Ankhtifi glanced at Khety, and the king felt something cold pass between them.
There was something disturbing about Ankhtifi’s black eyes, which reminded Khety of death. It was probably just his imagination. Perhaps he imagined the contempt he thought he saw in Ankhtifi’s lifeless eyes. Perhaps he imagined a hint of defiance in the man’s lupine face and posture. Khety had been encumbered with skirmishes by the Nile Delta, and the strain was getting to him. Ankhtifi might have done him a favor, after all. But it bothered him nevertheless. He felt as though his own authority had been undermined by Ankhtifi’s actions. He felt as though his position had been challenged, growing more vulnerable and threatened from within, regardless of the purpose of Ankhtifi’s plot.

“Then do as you see fit,” Khety finally answered
with a wave of his hand, as he tried to mask his discomfort with indifference. “Just keep me informed of Mentuhotep’s whereabouts.” He doubted Ankhtifi’s plan would work, and he wanted to dismiss his enforcer and the strange suspicions that left him uneasy and cold.

 

 

Ankhtifi’s plan did work
, to a degree. Three men who had served Mentuhotep for many years, had accepted bribes from Ankhtifi’s spies, and turned against the Theban king. Despite their loyalty and service, they fell prey to the lure of greed. For even a single tainted seed can sprout and overtake a field, if its soil is fertile enough. And the soil of those three men’s hearts was a fertile breeding ground to the seeds of treachery sown by Ankhtifi’s spies. Promises of riches, land, and power can prove too great a temptation for even the most stouthearted of men; promises which assured them prosperity once the kingdoms were reunited under King Khety’s rule. So the three men turned against Mentuhotep, giving in to the temptation that overwhelmed them like an insidious vine strangling a tree.

 

 

A
small force of mercenaries had joined Mentuhotep’s army the previous year under the pretense of serving the Theban king. They were a diverse group of men including Kushites from the southernmost regions of Kush, and nomadic tribes which had been assimilated from settlements bordering the Sea of Reeds. The three traitors oversaw the training of these mercenaries who had been promised much wealth and riches upon the successful completion of their mission to assassinate the king—a mission that seemed almost impossible to Mentuhotep’s enemies, until now.

The
mercenaries trained hard, proving themselves in battle, and gaining the confidence and recommendation of Qeb himself.

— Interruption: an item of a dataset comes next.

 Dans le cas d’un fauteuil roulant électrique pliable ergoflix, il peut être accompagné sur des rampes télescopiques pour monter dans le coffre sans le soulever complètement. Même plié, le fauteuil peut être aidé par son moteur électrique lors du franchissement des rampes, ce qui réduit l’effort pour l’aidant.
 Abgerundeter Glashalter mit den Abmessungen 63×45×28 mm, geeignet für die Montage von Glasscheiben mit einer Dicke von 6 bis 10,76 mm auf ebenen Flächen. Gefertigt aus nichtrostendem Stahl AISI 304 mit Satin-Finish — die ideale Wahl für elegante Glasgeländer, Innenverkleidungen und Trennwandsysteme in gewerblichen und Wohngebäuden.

And with the passing of time, the poison within the Theban ranks spread as a disease, polluting more of the men, and turning them against the king.

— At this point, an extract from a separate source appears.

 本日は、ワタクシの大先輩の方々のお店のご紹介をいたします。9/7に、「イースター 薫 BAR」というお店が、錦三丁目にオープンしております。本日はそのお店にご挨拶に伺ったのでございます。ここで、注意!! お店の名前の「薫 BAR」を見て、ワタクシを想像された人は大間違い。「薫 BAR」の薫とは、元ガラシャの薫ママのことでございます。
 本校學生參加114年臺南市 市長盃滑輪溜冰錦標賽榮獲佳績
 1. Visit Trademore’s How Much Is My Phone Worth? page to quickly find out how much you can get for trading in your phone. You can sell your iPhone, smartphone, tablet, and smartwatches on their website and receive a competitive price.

No one was aware of the contagion brewing from within.
No one knew of the secret communication passing between the Kushites and the traitors in Swentet, as the Kushites prepared to send a small army to ambush the king. The enemy was patient, biding their time and keeping their intentions well hidden as they continued to fight and train diligently.

Khu
had not been around for much for the men’s training, and was stationed north in order to secure those settlements lying between Ipu and Gebtu; something he would later regret upon learning of the attack.

 

 

The
vicious attack came in the earliest hours of dawn, when a spectral light steeped the camp in ghoulish shades. The sickle moon hanging low over the sand dunes beyond the floodplain had disappeared from sight, as though the moon-god Khonsu had turned his face away in shame. Most of Mentuhotep’s troops were fast asleep in the mud-brick barracks of the camp, as well as in tents spreading out beyond the floodplain. More than two seasons—about nine courses of the moon—had passed since their last skirmish, and the men had been lulled into a false sense of security. One by one, under a somber sky, the Kushite warriors that had infiltrated Egypt from the south, tread like hyenas on the prowl. With their bows and arrows in hand, they advanced quickly and methodically, surrounding Mentuhotep’s camp, as they lay in ambush waiting for the signal to attack.